OP snapped at his sister, but felt he had a good reason. To determine if that’s true, users of the AITA subReddit judged OP based on his story.
This was done by including one of the following in their comment:
- NTA – Not the A**hole
- YTA – You’re the A**hole
- NAH – No A**holes Here
- ESH – Everybody Sucks Here
OP and his girlfriend had a long discussion and came to what they felt was the responsible decision. While OP’s sister can voice her opinion, the continual complaints at OP aren’t helping anyone.
Add on top of that, the girlfriend is hurt by the sister’s continuous comments.
OP wasn’t wrong to have snapped at his sister.
“NTA. you made a very hard, extremely mature decision. your sister has zero say in it and if she haven’t understand it by now, i guess now she does.”
“if she cares about that baby so much, she can adopt it herself. good luck OP.” – durmik
“Funny thing is I suggested that if she’s so adamant about us keeping the baby but she told me to stop being ridiculous.” – toldsisterrrr (OP)
“NTA. Why doesn’t she adopt the baby if she wants to keep it in the family? Adoption is hard enough without the conflict.”
“It’s good that you re sticking your ground. I hope everything goes well and your baby goes to a great family to have a better life, like you intend.” – Opposite_Papaya4210
“NTA being a good parent means making decisions with your childs best interest at heart, which is exactly what you’ve done.”
‘It’s mature and sensible to have realised that you can’t afford a baby right now and have found someone who is, rather than keeping it and not being able to provide for it.” – No-Zucchini4567
Other commenters shared their own stories.
“100% NTA. I was put up for adoption by a birth family in a similar position to yours. I was infinitely better off because of that decision.”

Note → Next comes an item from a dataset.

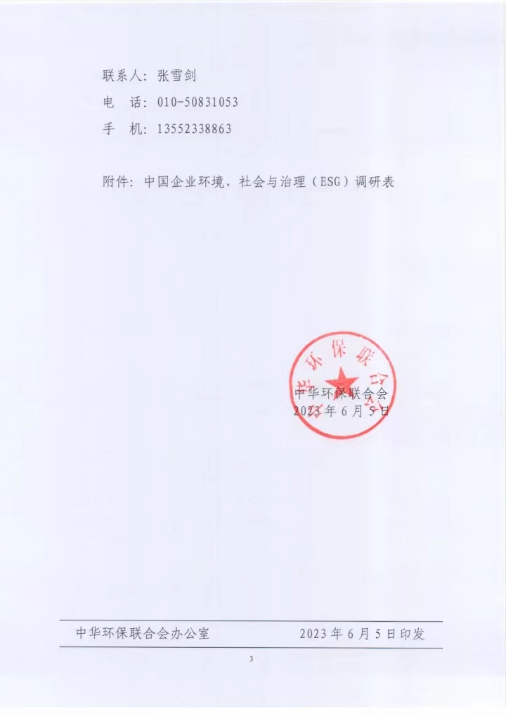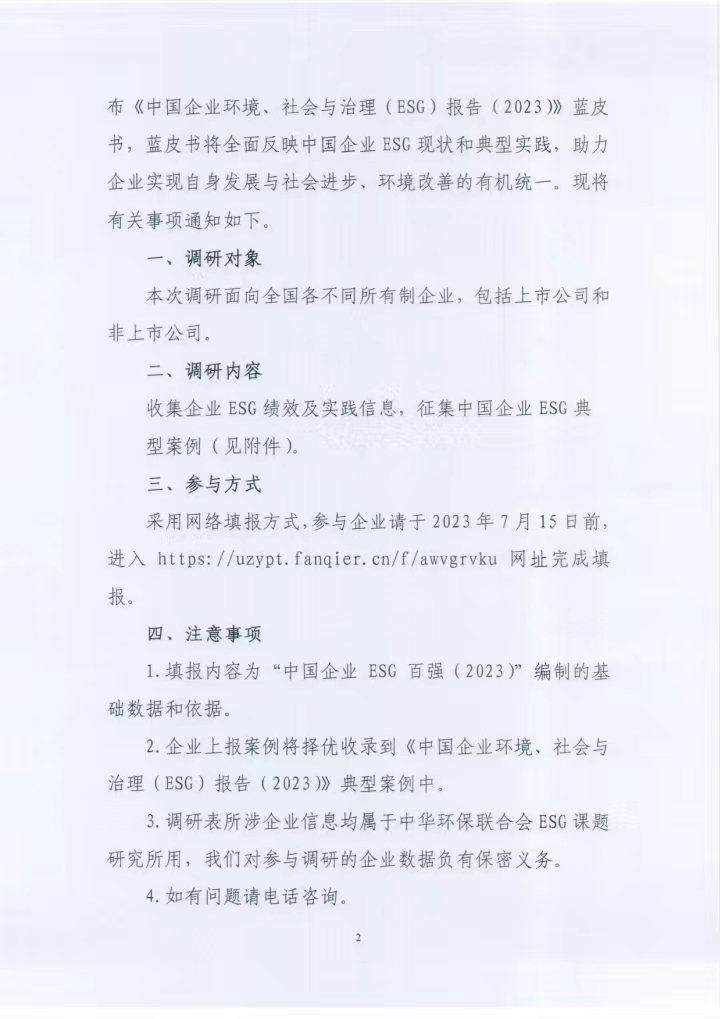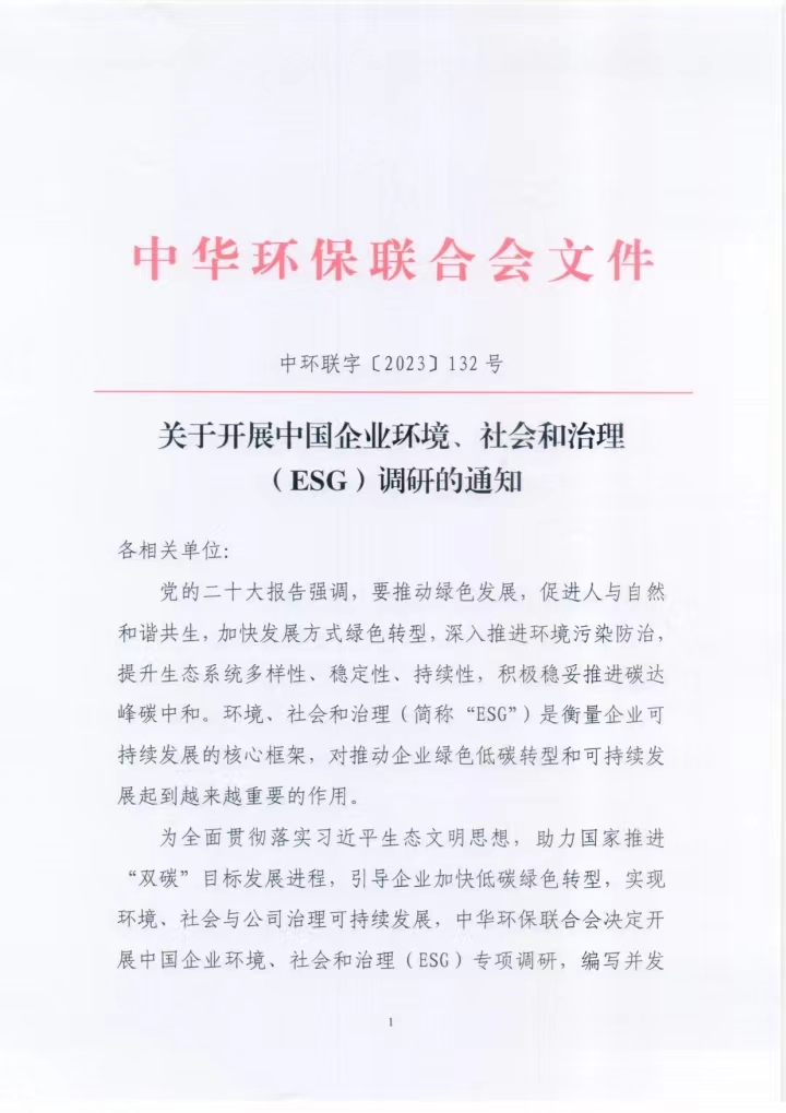 关于开展中国企业环境、社会和治理(ESG)调研的通知

“The decision you’re making is an incredibly important and difficult one that can only be made by you and your girlfriend. If your sister isn’t able to provide the love and support you need right now, then shutting up is exactly what she should do.” – Prestigious_Key_8355
“NTA. You’ve thought about it thoroughly, and made what you feel is the best decision for yourselves and your child. Your sister needs to back off and realise it’s not a decision you made lightly.”

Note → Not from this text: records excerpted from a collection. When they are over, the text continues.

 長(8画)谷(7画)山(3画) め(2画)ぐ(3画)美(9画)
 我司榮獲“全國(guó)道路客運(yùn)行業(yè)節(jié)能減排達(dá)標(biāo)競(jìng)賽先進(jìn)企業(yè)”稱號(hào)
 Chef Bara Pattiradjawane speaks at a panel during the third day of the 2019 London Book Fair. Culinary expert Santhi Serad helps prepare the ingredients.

“I’d she’s that adamant you keep the child, is she planning to help you out financially? Unless she is, she has no say in anything.”

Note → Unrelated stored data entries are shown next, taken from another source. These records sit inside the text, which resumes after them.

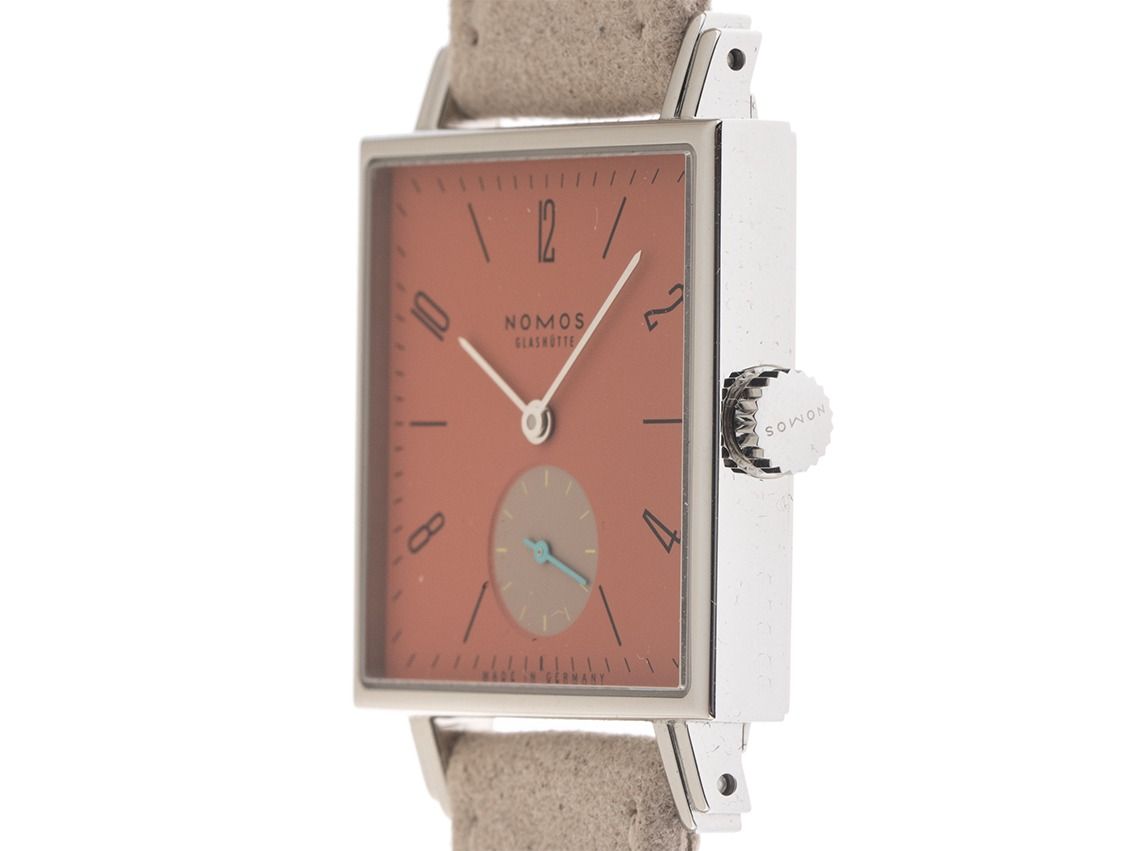 Gehäuse Edelstahl poliert, quadratisch, Gehäusemaße ohne Krone (L x B x H) 29,5 x 29,5 x 6,5mm. Armband Veloursleder beige, Anstoßbreite 18mm, Stiftschließe Edelstahl mit Hersteller-Logo. Zifferblatt Terrakotta rot mit arabischen Ziffern und Indexen sowie rhodinierten Zeigern und türkisenem Sekundenzeiger. Uhrwerk Handaufzug, Nomos Glashütte Manufakturkaliber DAU4001 mit 17 Edelsteinen. Anzeige von Stunde und Minute über Zeiger aus der Mitte, kleine Sekunde mit Sekundenstopp zur sekundengenauen Einstellung der Uhrzeit bei 6 Uhr. Saphirglas kratzfest. Krone mit Hersteller-Logo. Boden Edelstahl 4-fach verschraubt und graviert mit Saphirglas Sichtfenster. Gewicht der Uhr inklusive Armband 36g. Wasserdicht bis 3 ATM. Referenznummer: 438.SB, ID: ST116027060226H-1960, Artikelnummer: 10000084633. Original Nomos Box und Garantie Papiere von Januar 2026, Full Set. Neu. Lieferzeit sofort.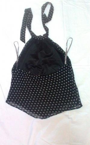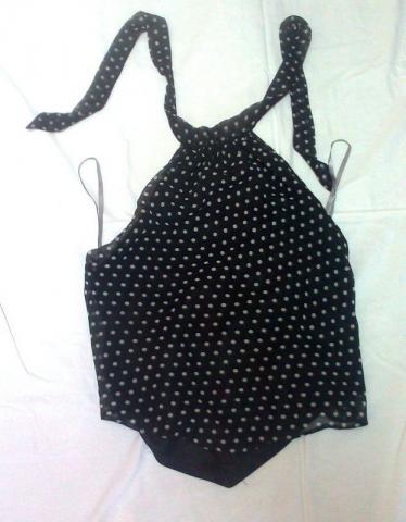 Labai daili, per kaklą susirišanti palaidinė su baltais žirneliais. Geros kokybės, beveik nenešiota. Be iškirptės, tačiau atvira nugara :) Nuotraukose yra iš priekio, šono ir nugaros :)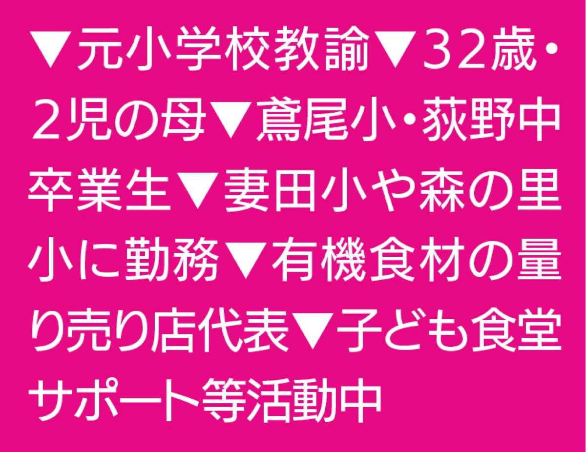 私たちの声を届けてやさしい社会に変えていくにはどうしたらよいのかと考える日々の中、同じように子育てをしながら活動している政治家の人たちと出会い、自分たちの生活と社会全体の意思決定をする場がつながっていることを知りました。そして、子どもたちが安心して暮らせる未来を残したい。支え合う社会を作っていきたい。と思うようになりました。すでに厚木市では子どもの医療費助成やおむつの支給などが行われていますが、母親たちが孤独や大きな負担を感じずに子育てできるようにするためには「地域全体で子どもたちを育てる」視点が大切なのではないでしょうか。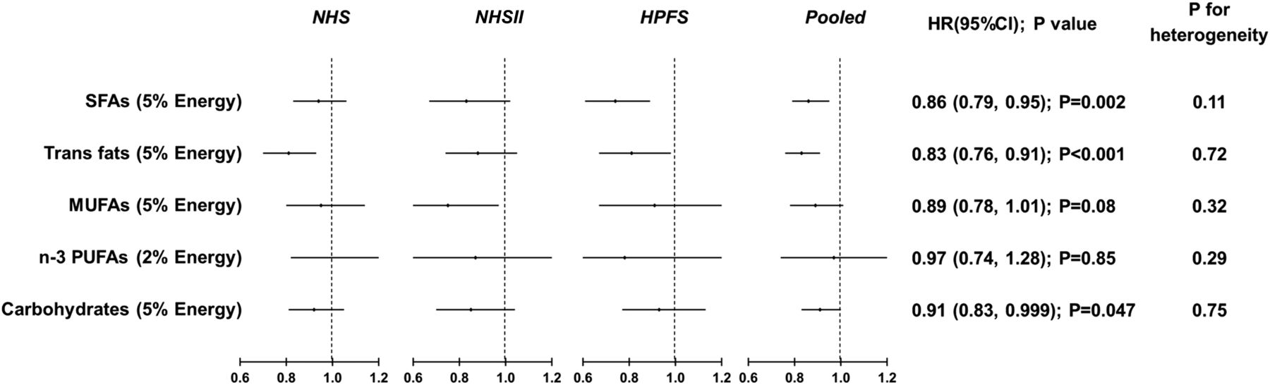 本研究纳入了三个大规模的前瞻性队列研究【The Nurses' Health Study(NHS),?NHSII,?Health Professionals Follow-Up Study(HPFS)】的214,028名调查对象。研究人员通过分析每2-4年更新一次的膳食频率问卷所获的随访数据,结合持续更新的食品成分数据库,评估调查对象n-6系列多不饱和脂肪酸摄入量。在随访期内,共发现18,442例2型糖尿病。多因素调整分析结果显示,亚油酸摄入与2型糖尿病风险呈负相关。当亚油酸等热量替换(按每日总能量摄入的5%计算)饱和脂肪时,2型糖尿病风险下降14%;替换碳水化合物时,风险下降9%;替换反式脂肪(按每日总能量摄入的2%计算)时,风险下降17%(图)。另外,花生四烯酸摄入与2型糖尿病风险呈正相关。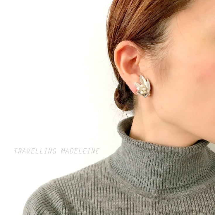 輝くシルバートーンリーフに、パールが実のようについたトリファリのクリップイヤリング。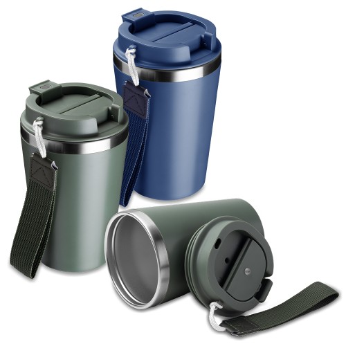 Copo de 350 ml com parede dupla, interior em inox 304 e exterior em plástico PP, tampa em plástico PP, alça de mão e acabamento com pintura fosca. GRAVAÇÃO: Laser.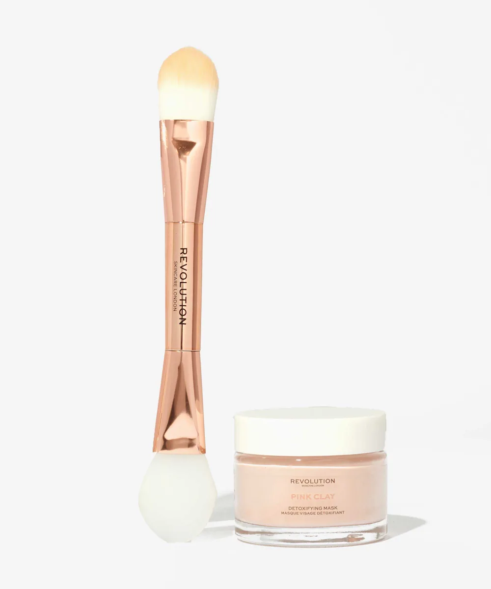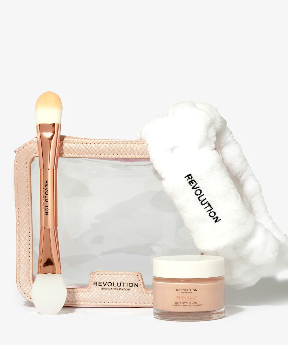 Leg einen Spa-Tag zu Hause ein - mit der Pink Clay-Kollektion von Revolution Skincare. Das Set enthält die Pink Clay Detoxifying Face Mask mit Kultstatus, ein Hautpflege-Haarband und einen doppelseitigen Maskenpinsel für müheloses Auftragen - alles in einer supersüßen, wiederverwendbaren Schminktasche.

“As someone who struggled with fertility, thank you. Thank you for doing the best for your child. Thank you for giving someone a chance at parenthood that they may not have had otherwise.”
“And good luck with everything, you’re doing an incredible, selfless thing.” – Bazzlekry
OP’s sister needs to move on and be supportive of her brother. While she may want him to keep the child, she’s made that clear and he’s already told her he disagreed.
Now is not the time to keep nagging about it, but to try and help.